Из зеркала на нее смотрит Ангел во плоти. Облик, в котором соседствует порок и невинность, что так сильно пленяет мужчин. В глазах — печаль и томная усталость. Пришло время меланхолии и сентиментальной душевной откровенности.

— Я поправилась? — интересуется она у юной служанки, подкалывая брошь к лифу платья, отороченного собольим мехом. — Я не надела корсет.

— Что вы, госпожа! — с неподдельным изумлением возражает та. — Вы стройны и легки, как молодая лань, и изящны, как самая из тончайших византийских ваз, ни один мужчина не в силах оторвать взгляда от вас. Вам и вовсе не нужны никакие ухищрения, чтобы сразить наповал любого кавалера!

— Сядь, Кэтти, отдохни, — Миледи берет за руку служанку и усаживает ее рядом с собой за стол, где все уже приготовлено для романтической встречи двоих. — Выпьешь со мной? Мне это нужно сейчас как никогда…

Разливает вино в два кубка, придвигает один Кэтти, та неумело пригубливает, и в глазах ее появляется радостный блеск и возбуждение от соприкосновения с чем-то запретным.

— Кто я, по-твоему? — спрашивает Миледи.

— Вы прекрасная госпожа, благородная Леди, графиня, достойнейшая пера самых знаменитых поэтов и кисти самых талантливых художников, уму и красоте которой нет равных. Вы…

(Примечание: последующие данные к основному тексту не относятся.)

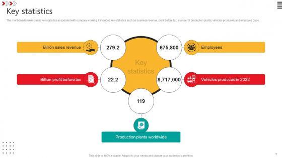 The mentioned slide includes key statistics associated with company working. It includes key statistics such as business revenue, profit before tax, number of production plants, vehicles produced, and employee base.Welcome to our selection of the Key Statistics Automobile Development Company Profile CP SS V. These are designed to help you showcase your creativity and bring your sphere to life. Planning and Innovation are essential for any business that is just starting out. This collection contains the designs that you need for your everyday presentations. All of our PowerPoints are 100 percent editable, so you can customize them to suit your needs. This multi-purpose template can be used in various situations. Grab these presentation templates today. The mentioned slide includes key statistics associated with company working. It includes key statistics such as business revenue, profit before tax, number of production plants, vehicles produced, and employee base.

— Ах, оставь… — с досадой взмахивает рукой хозяйка. — Не ври и не льсти мне. Думаешь, я стерва, которой все легко дается, потому что сам Дьявол на моей стороне?

— О нет, госпожа! — растерянно качает головой бедная девушка. — Конечно же, я так не думаю, но мне и вовсе не положено думать…

— Анна, меня зовут Анна, забудь к чертям эти условности…

— Как скажете, леди Анна…

— Скажи, ты бы хотела стать светской дамой? — интересуется вдруг Миледи, медленно теребя в пальцах золотистый локон.

— Но… — теряется Кэтти. — Это невозможно, я всего лишь простолюдинка, совсем не из благородных… — но честолюбивые огоньки загораются в ее глазах, что не ускользает от проницательного взгляда собеседницы.

— Это не имеет никакого значения. У тебя может появиться такая возможность, — без тени сомнения заявляет белокурая бестия.

— Вы шутите, госпожа?

— Если ты правильно усвоишь нужные уроки и сумеешь расстаться с глупыми предрассудками, то легко достигнешь больших успехов и сделаешь карьеру подобную моей. А все эти титулы и звания легко продаются и покупаются. Главное, в твоем случае — научиться пользоваться мужчинами. Это несложно. Может быть, я найму для тебя преподавателя танцев и изящных манер. В довесок — еще немного азов хитрости и обольщения подарю тебе сама безвозмездно. Практически это все, что требуется женщине, желающей стать хозяйкой своей судьбы и получать от жизни гораздо больше благ, чем позволяет ей некое условное положение... Мы могли бы быть с тобою компаньонками. Необязательно посещать королевские балы и прочие церемонии, потому что все самые важные государственные дела творятся в кабаках и постелях куртизанок.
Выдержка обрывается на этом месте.